TOKYO, June 5 (Xinhua) -- The Nikkei stock inched up 0.08 percent Thursday on high hopes for the U.S. economy, but profit- taking and a strengthening yen capped gains in later trade.
The benchmark Nikkei 225 index gained 11.41 points points from Wednesday to close at 15,079.37, while the broader Topix index of all First Section issues on the Tokyo Stock Exchange finished 1.20 points, or 0.10 percent lower, at 1,232.75, bringing an end to the index's 10-day rally, its longest in almost five years.
Brokers said that the market mood was bright in early trade following Wall Street's lead overnight, after the release of some upbeat U.S. economic data.
They pointed to the latest Automatic Data Processing figures showing that private employers added 179,000 jobs to their payrolls last month after hiring 215,000 workers in April, as not being overly disappointing ahead of the upcoming main jobs reports on Friday.
Economists had predicted a gain of 210,000 private sector jobs in May.
The U.S. Labor Department will release keenly-anticipated data on U.S. employment Friday which may show private payrolls have increased 210,000 in May after a 273,000 gain in April, according to analysts' estimates.
"If U.S. non-farm payrolls are above 200,000, U.S. yields are likely to rise and that'll help Japanese stocks," said Akio Yoshino, chief economist at Amundi Japan Ltd.,
The Institute for Supply Management also reporting its services sector index rose to 56.3 last month from 55.2 in April on increasing new orders and order backlogs, as well as increased hiring, marking the highest reading in nine months, was a boon for both U.S. and Japanese markets, analysts said Thursday.
With increasing factory activity confirmed on Tuesday, the Federal Reserve's Beige Book also added to investor confidence here with its latest view that economic activity expanded in all 12 Fed regions, consumer spending had increased, and the labor market viewed to have strengthened with hiring activity steady.

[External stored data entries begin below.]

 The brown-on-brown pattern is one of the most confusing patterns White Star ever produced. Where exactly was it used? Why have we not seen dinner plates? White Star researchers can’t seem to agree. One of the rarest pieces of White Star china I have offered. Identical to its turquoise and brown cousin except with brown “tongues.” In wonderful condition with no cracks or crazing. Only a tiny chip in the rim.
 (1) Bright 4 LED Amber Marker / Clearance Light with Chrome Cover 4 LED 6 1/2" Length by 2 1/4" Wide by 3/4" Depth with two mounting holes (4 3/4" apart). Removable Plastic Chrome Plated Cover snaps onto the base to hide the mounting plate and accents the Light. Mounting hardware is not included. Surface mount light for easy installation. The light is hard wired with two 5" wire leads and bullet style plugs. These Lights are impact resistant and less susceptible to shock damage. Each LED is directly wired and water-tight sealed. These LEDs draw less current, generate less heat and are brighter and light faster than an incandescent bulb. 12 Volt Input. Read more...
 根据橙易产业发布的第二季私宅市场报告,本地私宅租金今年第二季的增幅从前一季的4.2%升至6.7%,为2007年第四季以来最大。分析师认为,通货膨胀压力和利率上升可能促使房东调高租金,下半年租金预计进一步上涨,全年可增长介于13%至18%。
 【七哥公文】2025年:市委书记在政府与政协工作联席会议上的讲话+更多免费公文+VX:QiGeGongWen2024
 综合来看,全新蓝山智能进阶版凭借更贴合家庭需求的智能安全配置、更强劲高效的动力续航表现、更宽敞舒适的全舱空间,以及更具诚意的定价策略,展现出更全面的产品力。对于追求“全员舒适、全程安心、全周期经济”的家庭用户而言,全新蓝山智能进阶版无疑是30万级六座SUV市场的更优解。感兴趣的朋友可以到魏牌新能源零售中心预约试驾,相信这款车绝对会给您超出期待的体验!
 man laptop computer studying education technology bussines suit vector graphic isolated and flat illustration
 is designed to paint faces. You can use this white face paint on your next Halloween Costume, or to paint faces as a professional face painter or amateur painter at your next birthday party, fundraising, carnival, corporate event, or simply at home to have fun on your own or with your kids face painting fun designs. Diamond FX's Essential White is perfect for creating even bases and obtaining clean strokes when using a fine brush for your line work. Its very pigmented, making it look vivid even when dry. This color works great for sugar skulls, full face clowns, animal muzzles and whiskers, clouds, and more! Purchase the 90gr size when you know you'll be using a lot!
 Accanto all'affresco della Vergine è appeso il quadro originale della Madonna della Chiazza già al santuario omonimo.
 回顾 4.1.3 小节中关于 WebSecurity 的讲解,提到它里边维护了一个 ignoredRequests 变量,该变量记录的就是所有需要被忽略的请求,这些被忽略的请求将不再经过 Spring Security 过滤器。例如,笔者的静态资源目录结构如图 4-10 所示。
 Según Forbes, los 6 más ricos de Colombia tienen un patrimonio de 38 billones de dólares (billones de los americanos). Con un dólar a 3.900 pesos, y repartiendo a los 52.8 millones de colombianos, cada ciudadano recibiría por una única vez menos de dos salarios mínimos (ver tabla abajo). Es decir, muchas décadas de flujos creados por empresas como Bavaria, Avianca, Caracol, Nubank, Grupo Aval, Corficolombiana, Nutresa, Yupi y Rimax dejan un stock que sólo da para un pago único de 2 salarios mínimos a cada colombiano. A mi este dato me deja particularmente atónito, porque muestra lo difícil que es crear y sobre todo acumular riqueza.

Along with the slew of U.S. economic data currently underpinning the market here, investors are also watching moves by the European Central Bank (ECB) to see if it opts for a rate cut after its meeting later in the day, to help the region tackle embryonic signs of deflation.

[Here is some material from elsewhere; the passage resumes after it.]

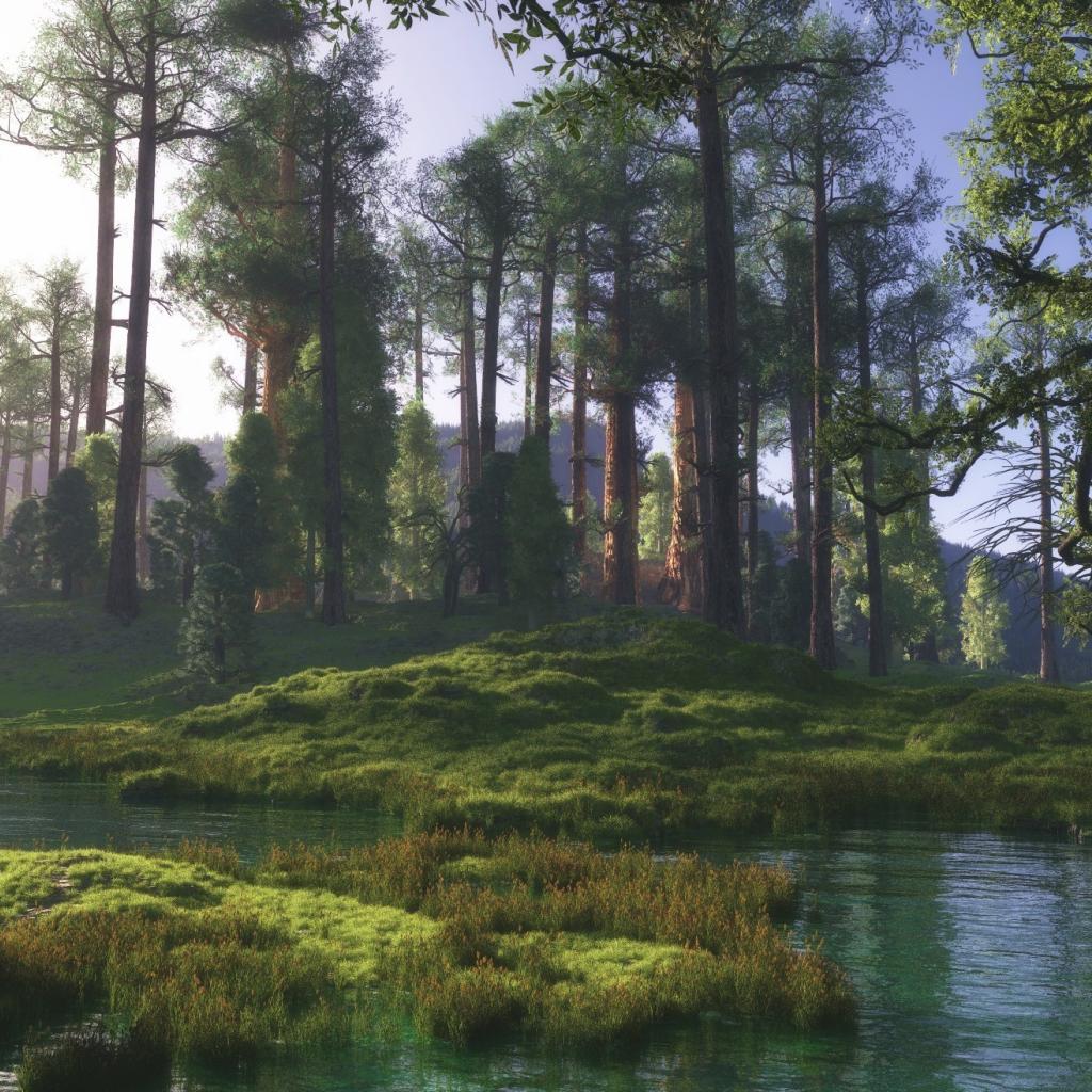 Wallpaper Trees, Green grass, Water, moss

"With the ECB's likely rate cut already factored in, it's very possible that things are setting up well for a stock market selloff just after Prime Minister Shinzo Abe makes his economic plan announcement," said one local fund manager.
"The volume we're seeing, while nominally good, still is not reflective of overwhelming long-term investor support," he said.
With the U.S. dollar fetching 102.53 yen from 102.74 in U.S currency trade, some exporters took a hit as they rely on a weak yen to boost their earnings and profits made overseas when the funds are repatriated.
As such, Toyota, the world's largest automaker, skidded down 0. 29 percent to 5,837 yen, while consumer electronics giant Sony retreated 0.30 percent to 1,656 yen. Camera maker Canon, meanwhile, lost 0.08 percent to 3,372 yen.
Sharp advanced 3.75 percent to 304 yen after Deutsche Bank upgraded its rating on the stock and electrical motor maker Nidec edged up 0.2 percent to 6,020 yen, after the firm announced on Wednesday it plans to set up its inaugural production facility in India.
Nikkei heavyweight SoftBank gained 0.32 percent to 7,817 yen, after reports that its Sprint unit in the U.S. was moving closer to a potential 32 billion U.S. dollar buyout of T-Mobile.
Asahi, Japan's biggest beverage maker, jumped 5.4 percent to 3, 109 yen, marking its highest closing level since the firm listed in 1974. The firm said it plans to spend up to 50 billion yen to buyback more than 4.3 percent of outstanding shares.
But Sapporo Holdings slumped 6.6 percent to 426 yen, after saying its affiliate beer maker will reclassify its low-priced " third-category beer", or "beer alternative" to a low-malt beer, which comes with a higher tax rate.
Trading volume on Thursday dropped to 2.02 billion shares on the Tokyo Exchange's First Section, down from Wednesday's volume of 2.09 billion shares, with advancing issues outnumbering declining ones by 834 to 799.